“Every man, I daresay, has his own notion of what constitutes perfect peace and contentment, but all of those notions, despite the fundamental conflict of the sexes, revolve around women. As for me–and I hope I may be pardoned, at this late stage in my inquiry, for intruding my own personality–I reject the two commonest of them: passion, at least in its more adventurous and melodramatic aspects, is too exciting and alarming for so indolent a man, and I am too egoistic to have much desire to be mothered. What, then, remains for me? Let me try to describe it to you.
“It is the close of a busy and vexatious day–say half past five or six o’clock of a winter afternoon. I have had a cocktail or two, and am stretched out on a divan in front of a fire, smoking. At the edge of the divan, close enough for me to reach her with my hand, sits a woman not too young, but still good-looking and well-dressed–above all, a woman with a soft, low-pitched, agreeable voice. As I snooze she talks–of anything, everything, all the things that women talk of: books, music, the play, men, other women. No politics. No business. No religion. No metaphysics. Nothing challenging and vexatious–but remember, she is intelligent; what she says is clearly expressed, and often picturesquely. I observe the fine sheen of her hair, the pretty cut of her frock, the glint of her white teeth, the arch of her eye-brow, the graceful curve of her arm. I listen to the exquisite murmur of her voice. Gradually I fall asleep–but only for an instant. At once, observing it, she raises her voice ever so little, and I am awake. Then to sleep again–slowly and charmingly down that slippery hill of dreams. And then awake again, and then asleep again, and so on.

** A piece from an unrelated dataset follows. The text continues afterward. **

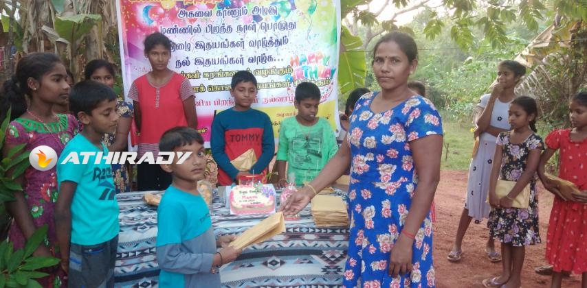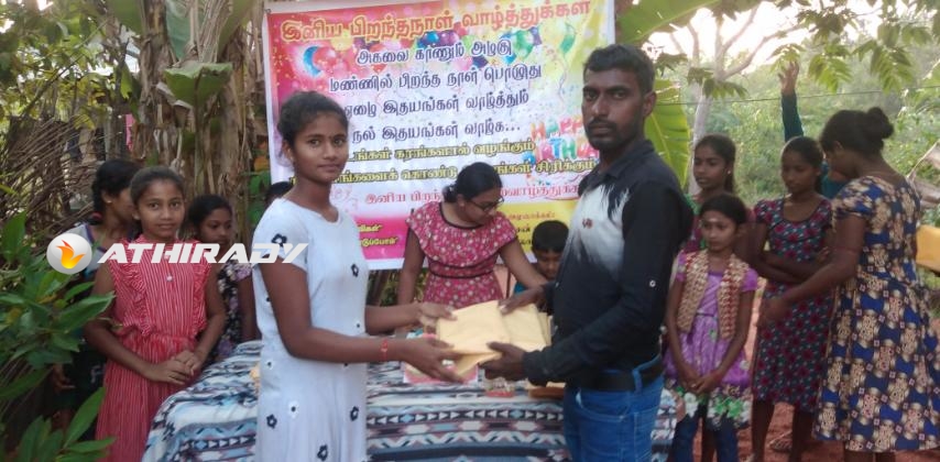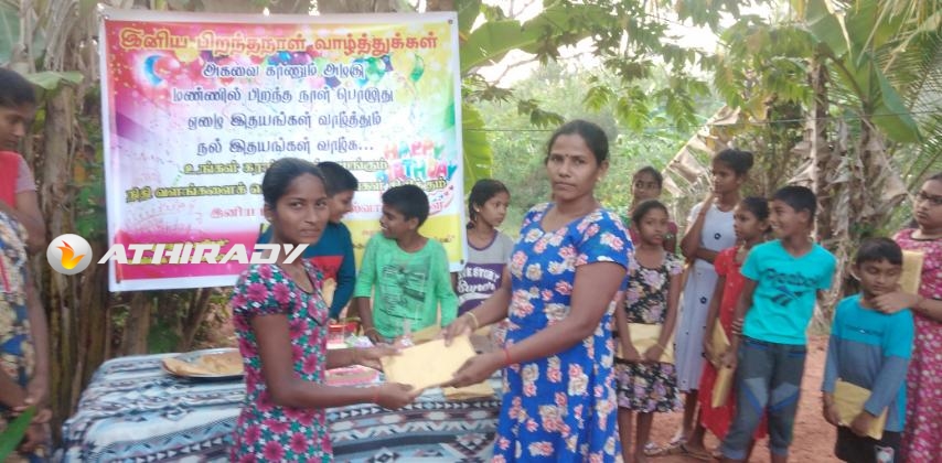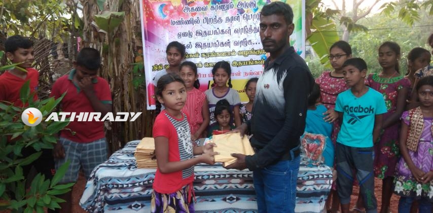 அதேநேரம் திருமதி மீரா யோகலிங்கம் அவர்களது நிதிப் பங்களிப்பில் பிறந்தநாள் நிகழ்வில் கலந்து கொண்ட மாணவ மாணவியர்களுக்கும், கற்றல் உபகரணங்கள் வழங்கி வைக்கப்பட்டது..

“I ask you seriously: could anything be more unutterably beautiful? The sensation of falling asleep is to me the most exquisite in the world. I delight in it so much that I even look forward to death itself with a sneaking wonder and desire. Well, here is sleep poetized and made doubly sweet. Here is sleep set to the finest music in the world. I match this situation against any that you can think of. It is not only enchanting; it is also, in a very true sense, ennobling. In the end, when the girl grows prettily miffed and throws me out, I return to my sorrows somehow purged and glorified. I am a better man in my own sight. I have grazed upon the fields of asphodel. I have been genuinely, completely and unregrettably happy.”